Two new pieces of legislation hammered out at the end of June give retirement-plan sponsors two new reasons to breathe a sigh of relief.
One, related to 401(k)s, is contained in the Dodd-Frank Wall Street Reform and Consumer Protection Act, the compromise version of financial-reform legislation that is still pending final passage. Previous versions of the legislation could have led to the demise of stable-value funds, a 401(k) mainstay. Those versions contained language that would have considered the “wrap” providers that guarantee the funds’ book values to be swap dealers. (Such funds typically rely on swaps and other derivatives to improve yield and keep costs low.) As such, they then would have been considered co-fiduciaries of any plan they worked for, imposing a legal burden on them far greater than any profits they might see, according to experts.
That move threatened to wipe out at least a third of stable-value fund wrap providers and possibly more, according to David Wray, president of the Profit Sharing Council of America, orphaning some of the estimated one-quarter of 401(k) funds, or about $650 billion, now invested in stable-value options.
Instead of forcing stable-value fund providers into a bind, however, the current version of legislation only requires further study of the funds. Within 15 months of the bill’s passage (likely by October 2011), the Securities and Exchange Commission and the Commodity Futures Trading Commission (in consultation with the Department of Labor, the Treasury Department, and state entities that regulate the issuers of stable-value contracts) must study whether or not stable-value contracts “fall within the definition of a swap” — and, if they do, whether or not the wrap providers that offer the contracts should be exempted from other new regulations with which swap dealers may have to comply.
Until that study is published and further determinations are made, the current bill will not apply to stable-value contracts, the bill promises. And any future legislation will apply only to stable-value contracts inked after it, not retrospectively.
Opponents of the original measure say the provision is good news, and portends a future victory. “It is highly unlikely that the study will come up with results that unwind [such] a popular investment option,” says Wray.
Defined-benefit plan sponsors also have reason to cheer. The Preservation of Access to Care for Medicare Beneficiaries and Pension Relief Act (H.R. 3962), signed into law by President Obama two weeks ago, contains provisions to temporarily allow investment losses to be amortized over longer time periods, mitigating the need for employers to dump cash into the plans to meet funding requirements.
Companies looking for a break on defined-benefit contributions have two options under the new legislation. They can choose investment losses from any two years between 2009 and 2011 (as well as the latter months of 2008, for plans that have anniversary dates in those months) and either stretch out the amortization period from the standard 7 years to 15 years or else take the “2/7” route, paying interest only on the contributions due for the selected years for 2 years and then beginning the 7-year amortization schedule after that. The 2 years don’t have to be consecutive, but both have to follow the same option.

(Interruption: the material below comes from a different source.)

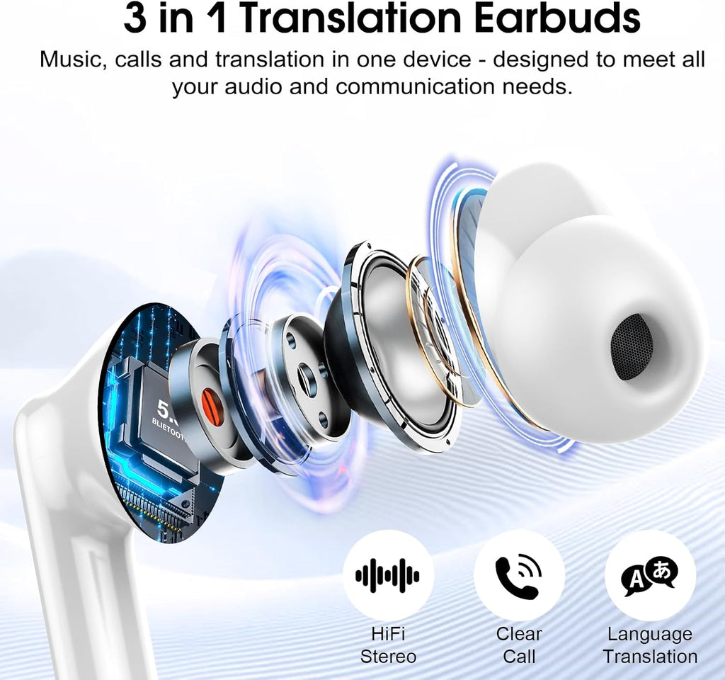 Csasan Ai Translation Earbuds Real Time, Simultaneous Interpretation Translator Earbuds with 6 Translation Modes/164 Languages, No Subscription Translatior Headphones

Not every company will want to choose one of the relief options, since restrictions do apply. “Congress wanted to give relief to sponsors that don’t have the cash to put into the plans, but they never intended this to be used by companies that are well off,” says Sue Breen-Held, a consulting actuary at The Principal Financial Group, which helped lobby for the measures. As a result, companies that pay more than $1 million in salary to any employee in a given year (excluding sales commissions but including stock-option exercise gains), or do widespread stock buybacks or pay “excessive” dividends as defined by the law, will not be eligible for the longer payoff periods. More rules regarding what happens to companies that acquire firms relying on the relief are pending, Breen-Held says.
There are plenty of intricacies built into what’s allowed, including some pro-corporate ones, such as the restrictions not applying to any written binding contract signed before March 1, 2010 (when the provisions were first discussed in Congress), and an exemption for any long-term stock incentives granted after October 28 that have at least a five-year vesting schedule.
The restrictions apply for the first 5 years for companies taking the 15-year amortization schedule, and the first 3 years for those using the 2/7 schedule, making the latter more attractive on two fronts: less cash upfront and a shorter period of limitations. However, companies will want to look carefully at future expected pension contribution requirements, Breen-Held says, “because it does build in a spike” in the third year.
Breen-Held expects the measure to come in handy for not only past shortfalls but also future ones. “We anticipate 2011 being another high-cost year for plans,” she says, as the full brunt of the Pension Protection Act of 2006 kicks in and sponsors are required to keep plans 100% funded. “That’s one of the reasons [we] lobbied to have it included as one of the years.”